On September 27, 2019, Jorge Garcia, who had played Jerry Ortega since the fourth season, left the series following the season premiere to focus on other projects; in the show, after recovering from being shot in the ninth season finale, Jerry leaves the task force to focus on writing a book.
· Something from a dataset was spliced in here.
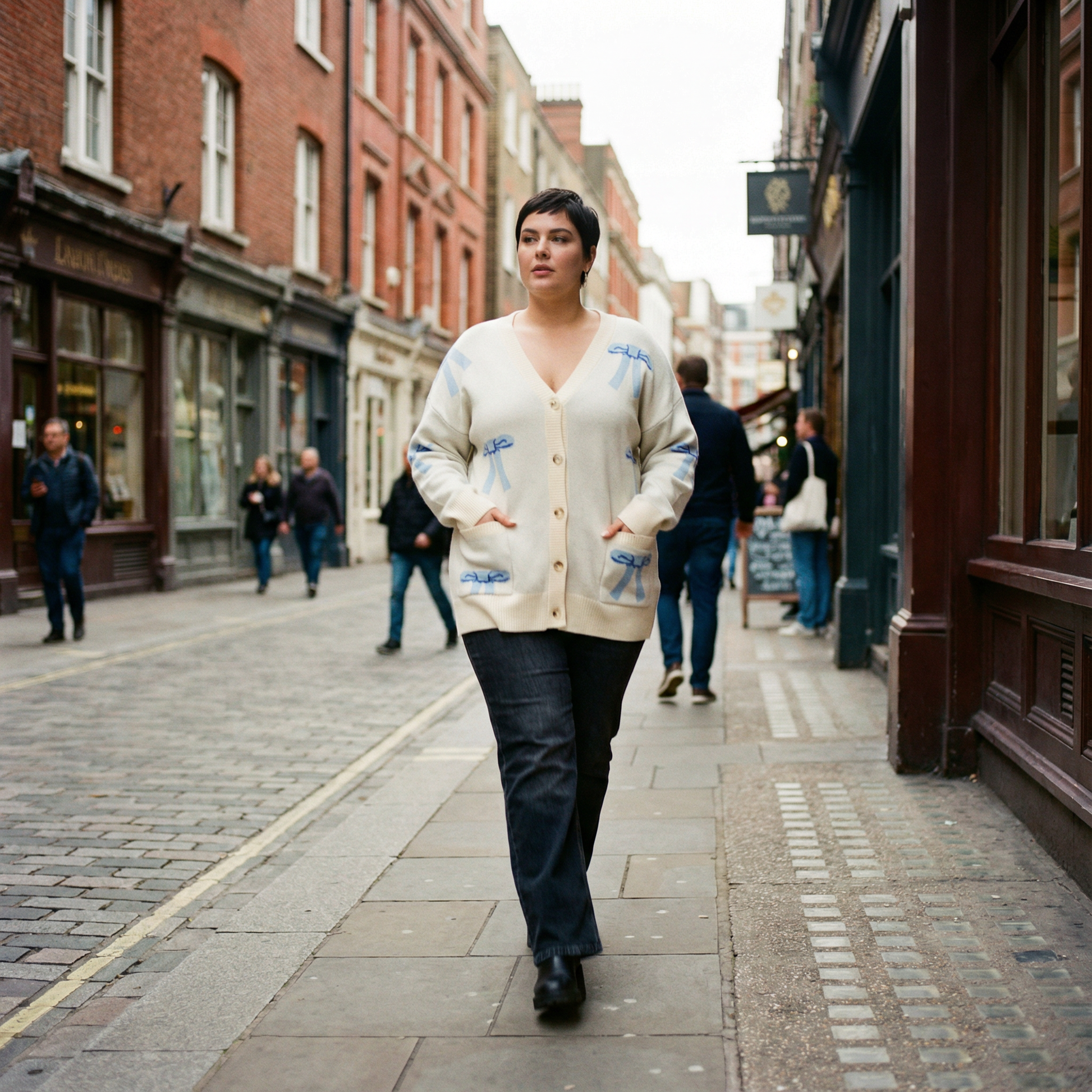 Elevate your coquettecore wardrobe with this romantic bow-patterned cardigan, perfect for achieving that sweet, vintage-inspired aesthetic. This cozy knit sweater combines classic v-neck styling with playful all-over bow intarsia, making it an essential piece for cottagecore and balletcore fashion lovers.

Garcia and producer Peter Lenkov both confirmed the former's exit, but assured that the door would be open for Jerry to later return as a guest star. Garcia is set to cross-over onto one of Lenkov's other series MacGyver during its fifth season portraying Jerry Ortega as a guest star. MacGyver previously crossed-over with Hawaii Five-0 in their first and seventh seasons, respectively.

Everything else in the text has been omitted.